### TASK STATEMENT
Set down the lines below, exactly, starting at the one that contains "1 kép PRINTFASHION" and stopping at the last line, inclusive. Omit pictures.

■ ■ ■ ■

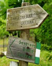 Superato un tratto di bosco, dove possiamo osservare una vecchia 'giazzera' (grotta dove venivano conservati alimenti), sbuchiamo alla radura di alcune vecchie case e alla contrada Santagiuliana di Sopra.
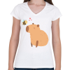 1 kép PRINTFASHION Capybara méhecskével - Női V-nyakú póló - Fehér
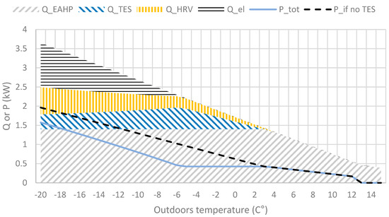 Heat sources heat output (Q) and power (P) required with and without TES at various outdoor temperatures according to the concept. Water vapour pressure implies 100% RH at outdoor temperature and moisture generated in normal in-house living conditions (showering, plants, etc).
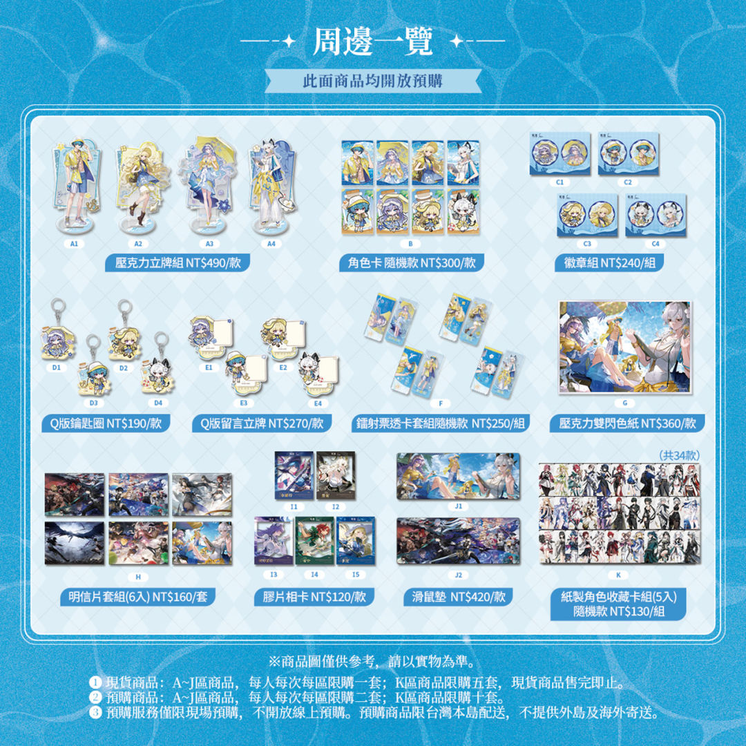 《鳴潮》本次將於一週年慶「夏日大作戰」活動現場設置周邊販售區,提供漂泊者選購周邊商品。漂泊者可透過「現貨購買」和「現場預購」形式,購買各類《鳴潮》周邊。以下為周邊一覽與詳細購買規則,請漂泊者們可先瞭解,屆時便能安心地盡情選購囉!
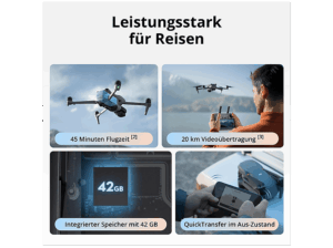 - Lange Flugzeit: Bis zu rund 46 Minuten Flugzeit pro Akku für ausgedehnte Aufnahmen.
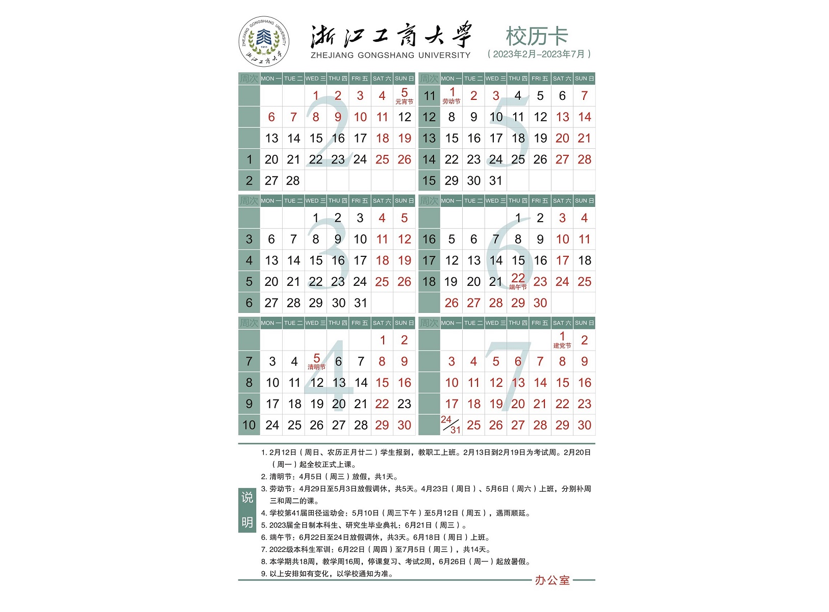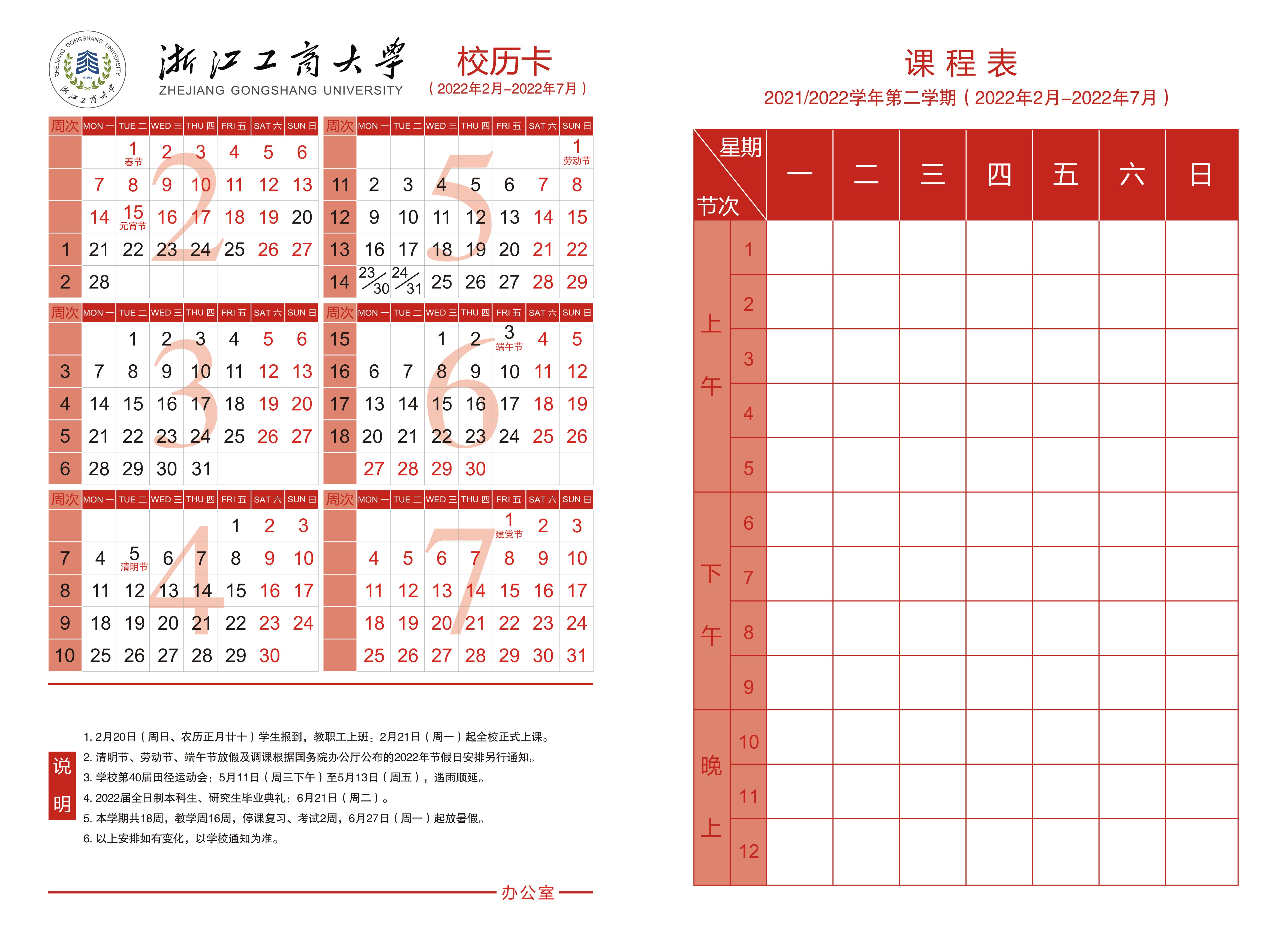 • 2022-2023学年第二学期校历

■ ■ ■ ■

### ANSWER FOR THIS EXERCISE
 1 kép PRINTFASHION Capybara méhecskével - Női V-nyakú póló - Fehér
 Heat sources heat output (Q) and power (P) required with and without TES at various outdoor temperatures according to the concept. Water vapour pressure implies 100% RH at outdoor temperature and moisture generated in normal in-house living conditions (showering, plants, etc).
 《鳴潮》本次將於一週年慶「夏日大作戰」活動現場設置周邊販售區,提供漂泊者選購周邊商品。漂泊者可透過「現貨購買」和「現場預購」形式,購買各類《鳴潮》周邊。以下為周邊一覽與詳細購買規則,請漂泊者們可先瞭解,屆時便能安心地盡情選購囉!
 - Lange Flugzeit: Bis zu rund 46 Minuten Flugzeit pro Akku für ausgedehnte Aufnahmen.
 • 2022-2023学年第二学期校历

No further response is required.